Ipilimumab will be permanently discontinued if any of the following suspected ipilimumab related AEs occur: grade ≥ 2 uveitis, eye pain, or blurred vision that does not respond to topical therapy and does not improve to grade 1 severity within the retreatment period, or that requires systemic treatment; grade ≥ 3 uveitis, pneumonitis, bronchospasm, hypersensitivity reaction, or infusion reaction; grade ≥ 3 drug-related AEs, with the following exceptions: grade 3 skin AEs, endocrinopathies adequately controlled with only physiological hormonal replacement, and laboratory abnormalities (other than the following which do require discontinuation: grade 3 thrombocytopenia or associated with bleeding, AST or ALT > 5–10 x ULN for > 14 days, AST or ALT > 10 x ULN, total bilirubin > 5 x ULN, concurrent AST or ALT > 3 x ULN and total bilirubin > 2 x ULN); any grade 4 AE except skin AEs only where not considered to be related to ipilimumab, neutropenia, lymphopenia or leukopenia, isolated lipase/amylase elevations without clinical manifestations of pancreatitis and endocrinopathies which resolve or are adequately controlled with physiological hormone replacement (as discussed with trial management group); or dosing delays > 42 days from the previous dose (unless approved by the trial management group).

Temozolomide

Temozolomide will be administered orally for 6 cycles in both Arms A & B. Temozolomide will commence as per standard care following completion of chemoradiotherapy. Dosing is once daily for 5 days in a 28-day cycle.

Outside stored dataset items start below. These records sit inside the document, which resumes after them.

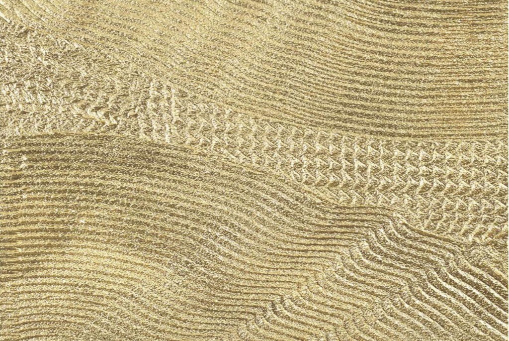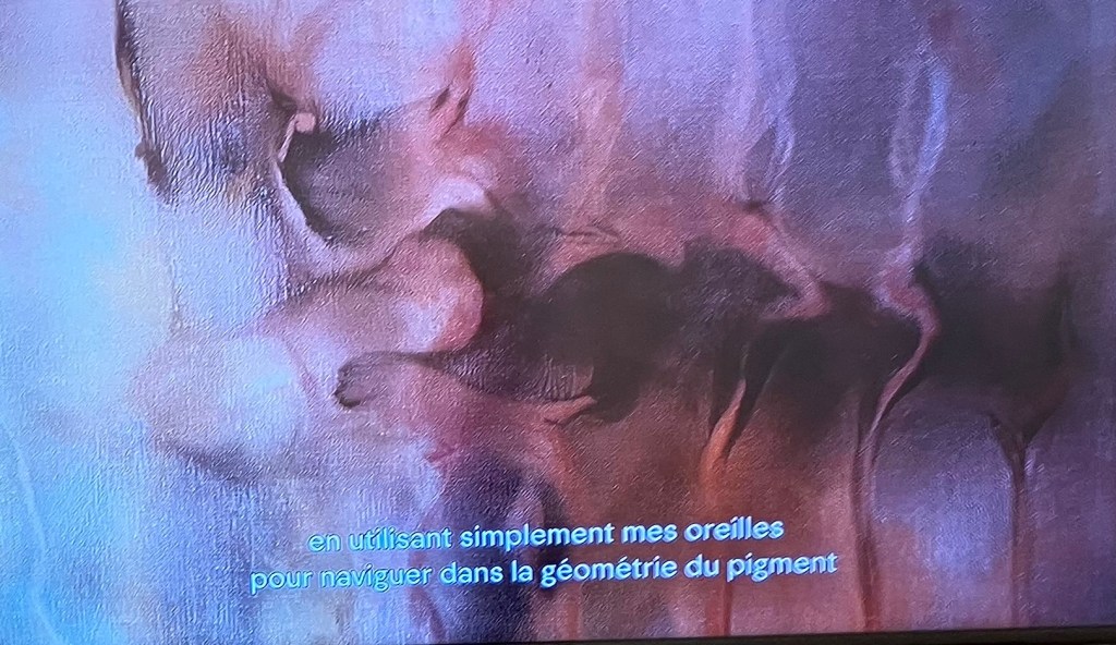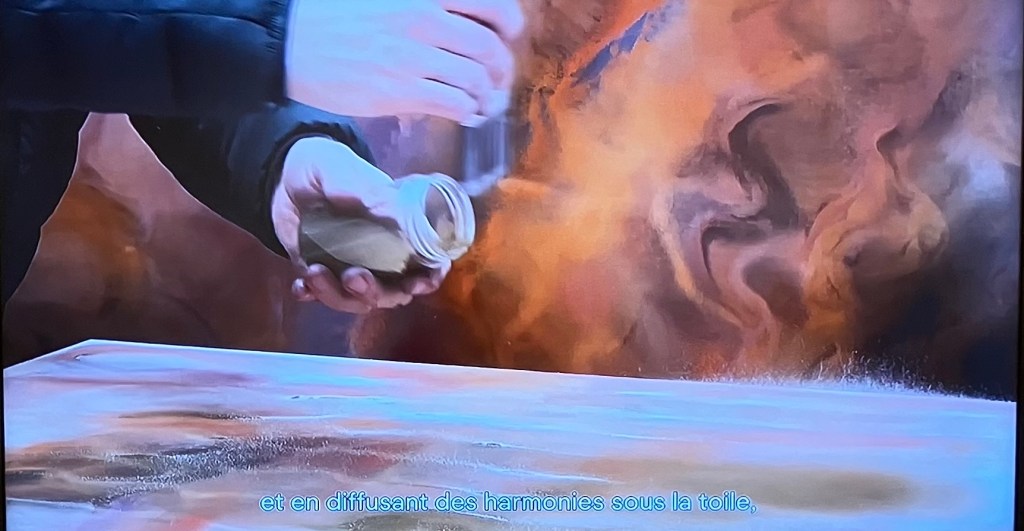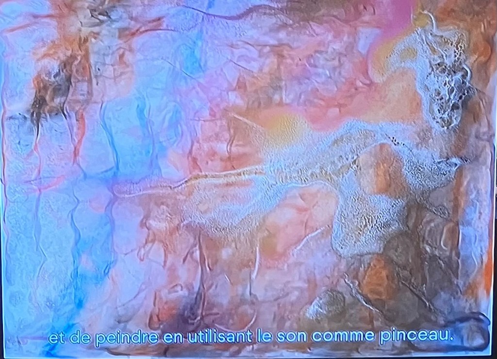 Ici il travaille avec des pigments déposés sur supports horizontaux .Il passe de la musique , et ce sont ondes et vibrations qui vont se faire déplacer les pigments et créer les oeuvres .Le son est utilisé comme pinceau .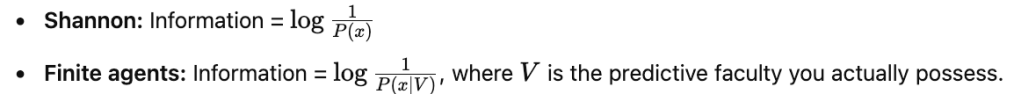 - But in the asymptotic state—when V-information is maximized— There is no surprise left. The world fits because you are now shaped like it.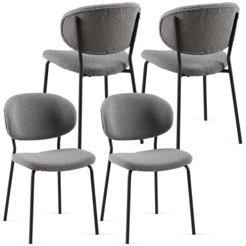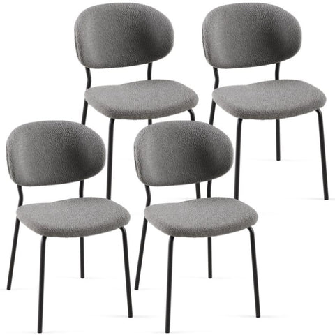 Grey Boucle Fabric Dining Chairs Set of 4, Mid-Century Modern Dining Kitchen Dining Room W1164P195045

The dose in cycle 1 is 150 mg/m2 (dose level 0), unless ANC < 1.5 × 109/L, platelet count < 100 × 109/L, or any non-haematological toxicity ≥ grade 2 (except alopecia, nausea, vomiting) during concomitant temozolomide administration with radiotherapy, in which case temozolomide will be initiated at 100 mg/m2 (dose level − 1). If no non-haematological toxicity ≥ grade 2 (except alopecia, nausea, or vomiting) is experienced in cycle 1, ANC is ≥1.5 × 109/L, and platelet count ≥100 × 109/L the dose is escalated to 200 mg/m2 (dose level 1) from cycle 2 (or to 150 mg/m2 if cycle 1 was dosed at 100 mg/m2). If the dose was not escalated at Cycle 2, escalation is not done in subsequent cycles. The temozolomide dose will be reduced if ANC < 1.0 × 109/L or platelet count < 75 × 109/L or for grade 3 non-haematological toxicity (except alopecia, nausea, vomiting). If AEs persist, treatment will be delayed by 1 week for up to 4 consecutive weeks, after which if AEs have not resolved to ≤ grade 1 then temozolomide will be discontinued. Temozolomide will be stopped if the same grade 3 non-haematological toxicity (except alopecia, nausea, vomiting) recurs after dose reduction, or if treatment at dose level − 1 results in unacceptable toxicity.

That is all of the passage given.